His mind was now in a whirl of fury. He had never before given away to passion in a quarrel with his wife. They had been married twelve years, and, up to the birth of their boy, four years before, had lived as happily as possible for two people of strong wills. Discord had slowly grown as his fame increased. His wife was now jealous of almost every woman who spoke to him.

They had quarreled before, but he had always kept a clear head and laughed her out of countenance. These quarrels had ended with tears and kisses and were forgotten until the next.

To-night somehow every thrust found his most sensitive spots. He wondered why? Dimly conscious of a curious interest in the woman who had spoken so sweetly to him at the close of his service, he wondered if his wife divined the fact by some subtle power their long association had developed and sharpened.

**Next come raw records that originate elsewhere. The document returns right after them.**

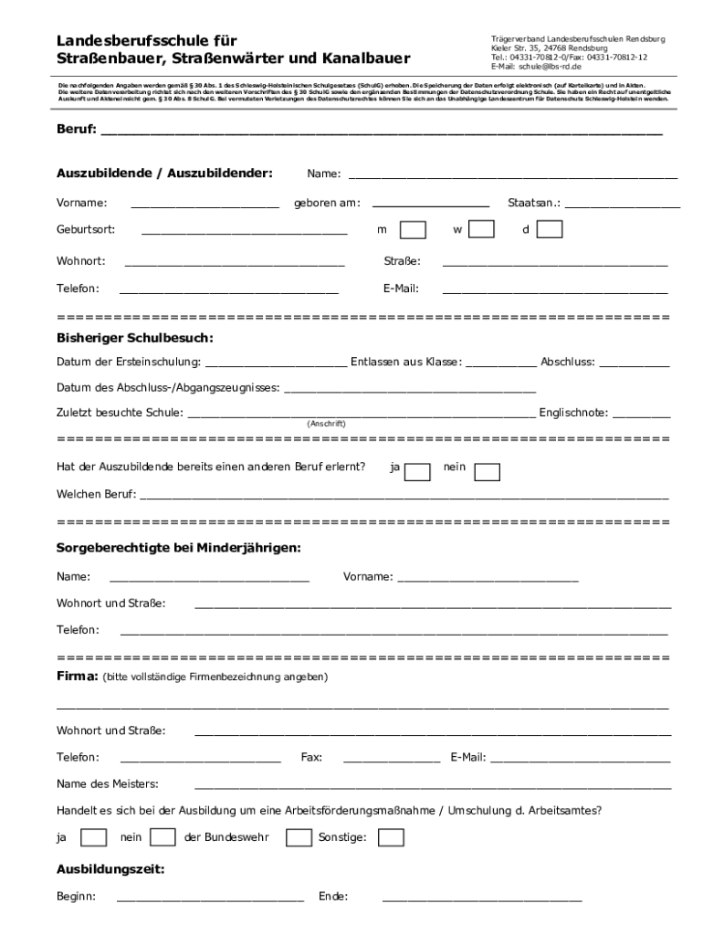 So füllen Sie landesberufsschule fr straenbauer straenwrter aus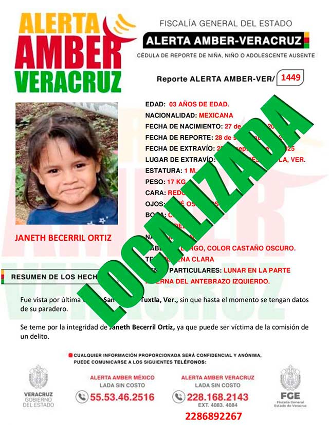 El programa Alerta Amber Veracruz, agradece su colaboración e informa la desactivación de la ALERTA AMBER- VERACRUZ 1449 por la niña Janeth Becerril Ortiz
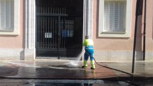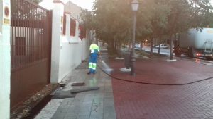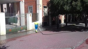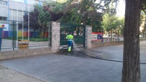 Durante estos días se ha procedido a la limpieza, el lavado y el desinfectado de los accesos y de los contenedores situados en los aledaños de cada uno de los colegios.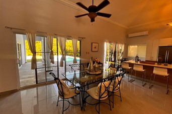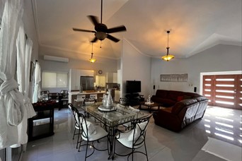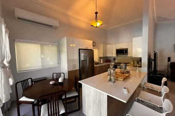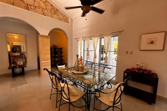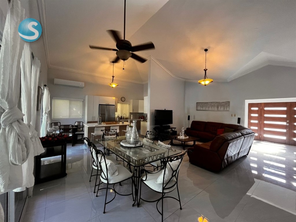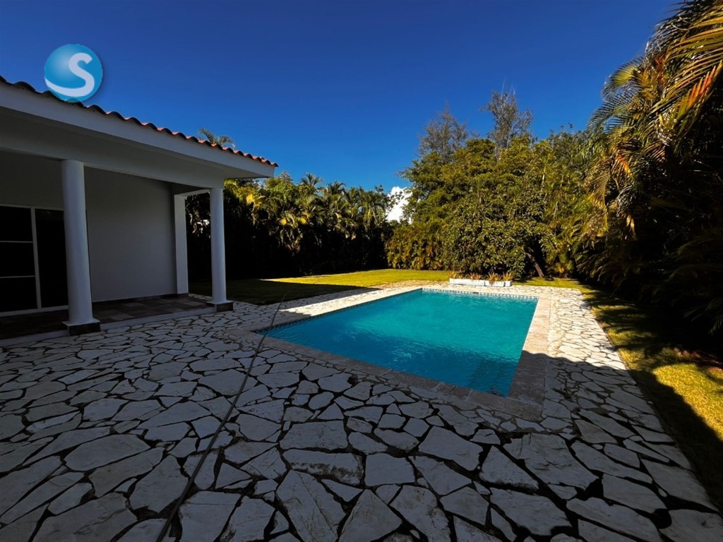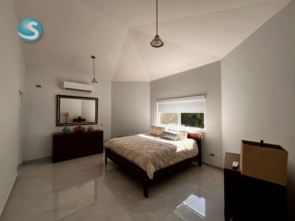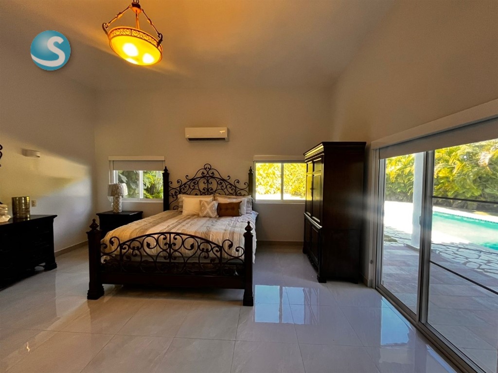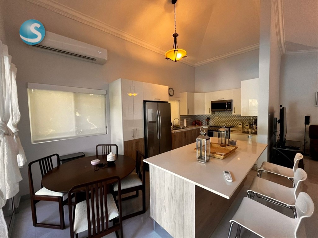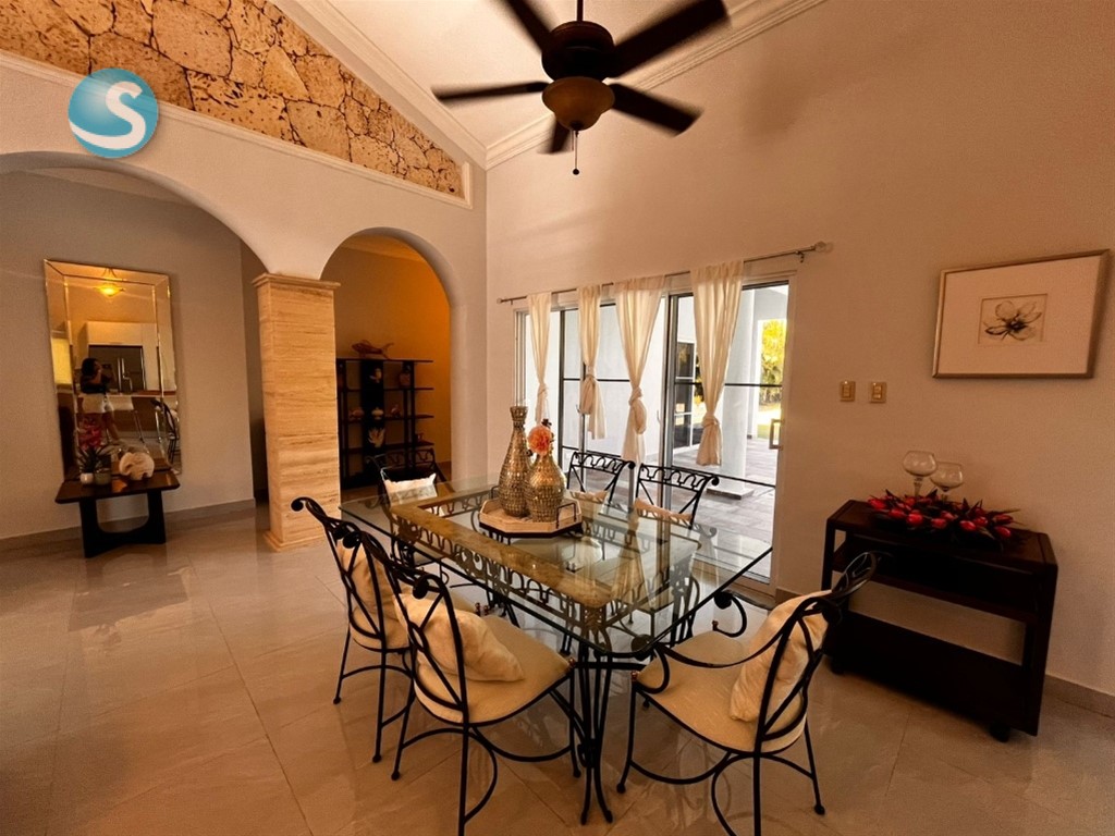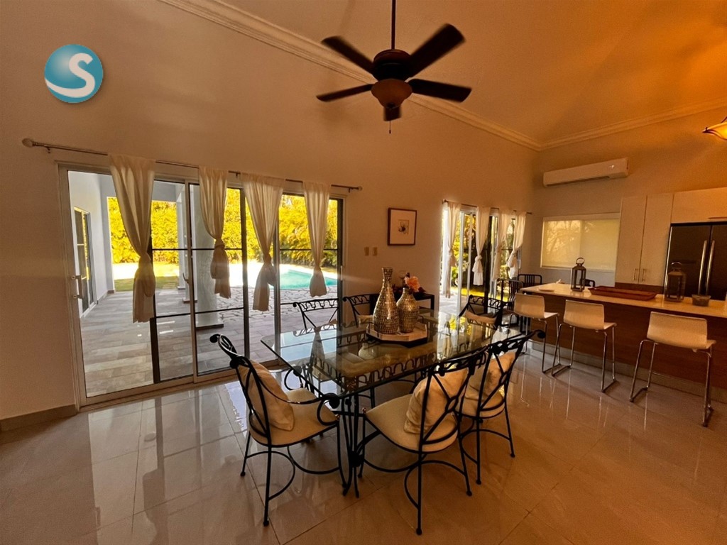 Espectacular villa amueblada con piscina ??? Habitaciones: 3 (cada una con baño privado) ? ?? Baños: 3 completos y medio baño de visitas ? ?? Parqueos: 4 espaciosos parqueos techados o semitechados ? ?? Construcción: 268 m² ? ?? Terreno: 900 m² de solar ? Amenidades destacadas: • Piscina privada ideal para el disfrute familiar y social ? • Terraza exclusiva y jardín privado con vista al Campo de golf. • Proyecto cerrado con vigilancia 24 h para tranquilidad y seguridad plena ? • Casa club, campo de golf, club de playa privado y canchas de tenis dentro del complejo — todo al alcance. ? • Cocina con desayunador, línea blanca completa, área de lavado y estacionamiento techado.

His enthusiasm for the Socialistic ideal was fast becoming an absorbing passion, and was destined to lead him into strange company.

His wife felt this, resented it, and, becoming more and more conservative, the gulf between them daily widened and deepened.

He cared nothing for her ridicule of his blond locks. He wore them half in defiance of conventionality and half in whimsical love for the picture of a beautiful mother from whom he had inherited them.

“What could have possessed her to-night?” he slowly muttered as he emerged from Central Park and swung into Fifth Avenue. “Am I really losing my grasp of truth because I am giving up traditional dogmas? Has God given to her soul the power to look inside my heart and find its secret thoughts? Why does she keep asking me if I have lost faith in marriage? Never in word or deed have I hinted at such a thing.”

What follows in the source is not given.